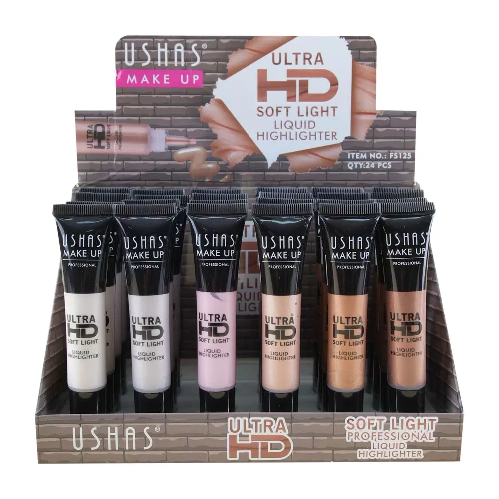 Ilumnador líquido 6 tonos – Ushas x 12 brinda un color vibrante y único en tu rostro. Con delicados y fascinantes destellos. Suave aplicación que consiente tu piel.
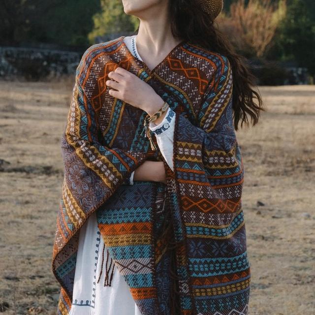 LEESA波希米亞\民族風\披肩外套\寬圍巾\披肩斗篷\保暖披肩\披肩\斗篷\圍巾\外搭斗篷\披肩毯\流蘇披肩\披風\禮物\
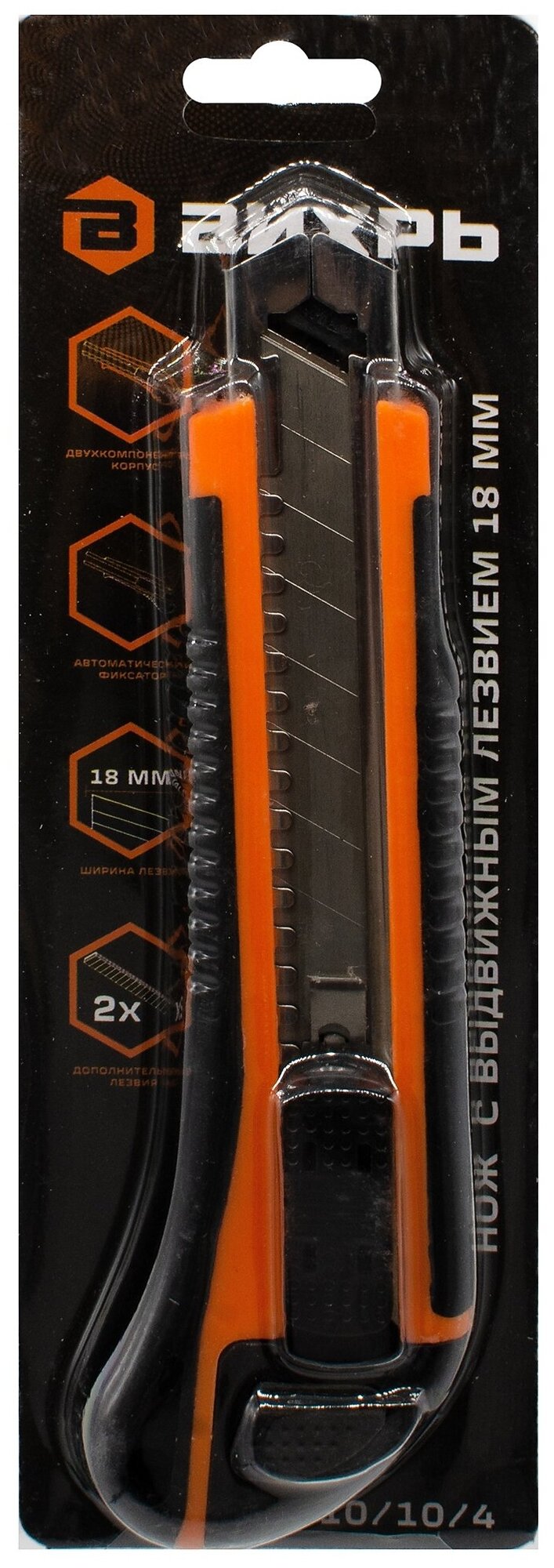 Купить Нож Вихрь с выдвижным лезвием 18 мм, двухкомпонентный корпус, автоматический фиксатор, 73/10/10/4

> **WORK REQUEST**
Each line of the listing is to be retyped exactly, and its pictures are to be dropped.

> **ANSWER TO THE EXERCISE**
 Ilumnador líquido 6 tonos – Ushas x 12 brinda un color vibrante y único en tu rostro. Con delicados y fascinantes destellos. Suave aplicación que consiente tu piel.
 LEESA波希米亞\民族風\披肩外套\寬圍巾\披肩斗篷\保暖披肩\披肩\斗篷\圍巾\外搭斗篷\披肩毯\流蘇披肩\披風\禮物\
 Купить Нож Вихрь с выдвижным лезвием 18 мм, двухкомпонентный корпус, автоматический фиксатор, 73/10/10/4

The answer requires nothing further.